FIG. 2 schematic diagram of the heat recycling system where a heating device is added as an added on device according to claim 9;

FIG. 3 schematic diagram of the heat recycling system where solar cell is installed as an added on device according to claim 12;

FIG. 4 schematic diagram of the heat recycling system where a fan is installed as an added on device according to claim 13;

FIG. 5 schematic diagram of the heat recycling system with the prism, convex lens or concave mirror being included according to claim 25;

FIG. 6 schematic diagram of the heat recycling system when the insulating layer is aligned to wrap around the compartment holding the thermal storage materials;

FIG. 7 schematic diagram of the heat recycling system when the insulating layer is aligned in a way which least induced least contact with the compartment holding the thermal storage materials;

FIG. 8 schematic diagram of the heat recycling system where a surface is coated with photocatalytic oxidation materials;

FIG. 9 schematic diagram of the heat recycling system when installed with timer, temperature sensor, light intensity meter;

FIG. 10 indicates the temperature different applying and not applying the heat recycling system inside a vehicle;

FIG. 11 indicates the air quality upon the application of air freshener which contain the heat recycling system of this invention.

DESCRIPTION OF THE PREFERRED EMBODIMENTS

FIG. 1 illustrates a basic setup for this invention, absorptive materials (105) is put into a compartment, enclosing it is the compartment (101) containing the thermal storage materials (104). The materials of the whole setup shall be made of stainless steel or any materials which resist to the chemical change.
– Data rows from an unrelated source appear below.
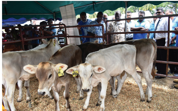
New calf breed (Brown Swiss) through Embryo Transfer Program
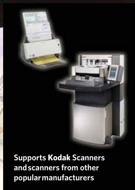
Supports Kodak Scanners and scanners from other popular manufacturers
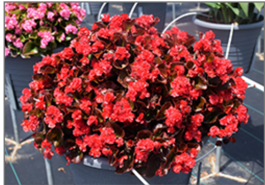
Double Up Red Begonia in bloom
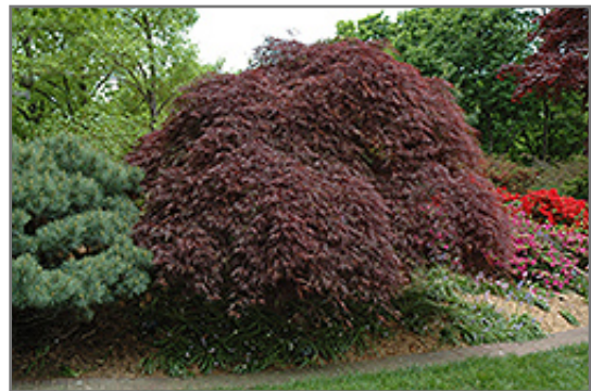
Red Select Cutleaf Japanese Maple
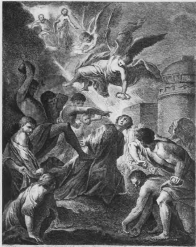
111. J.F. Oeser, The Martyrdom of St. Stephen , etching (No. 146a)
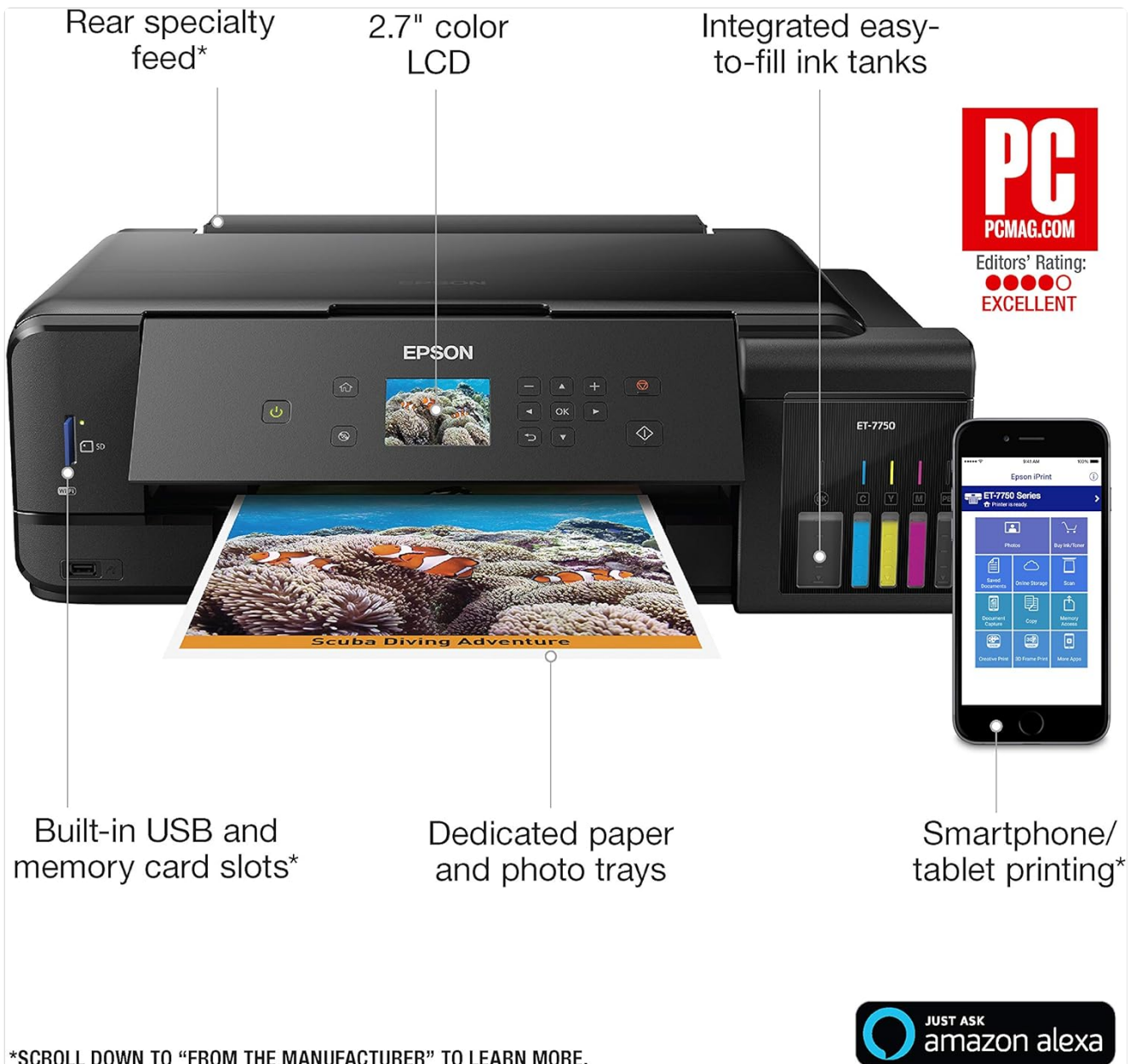
Figure 4: Overview of printer features, including wireless printing from mobile devices.
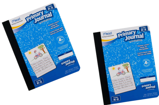
2 Primary Journals

The compartment (101) for holding the thermal storage materials is preferably of a shinny internal surface (103). It is preferably to have a dark and rough outer surface (102). In such case, the internal shinny surface help to improve preservation heat by enhancing the internal radiation, while the black and dark outer surface improves the heat absorptivity.

The materials of the compartment for holding absorptive materials and thermal storage materials shall be made of metal, such as aluminum, tin, iron, silver, copper, gold, lead or any metals or materials that have a high thermal conductivities. They can be of any shapes and sizes.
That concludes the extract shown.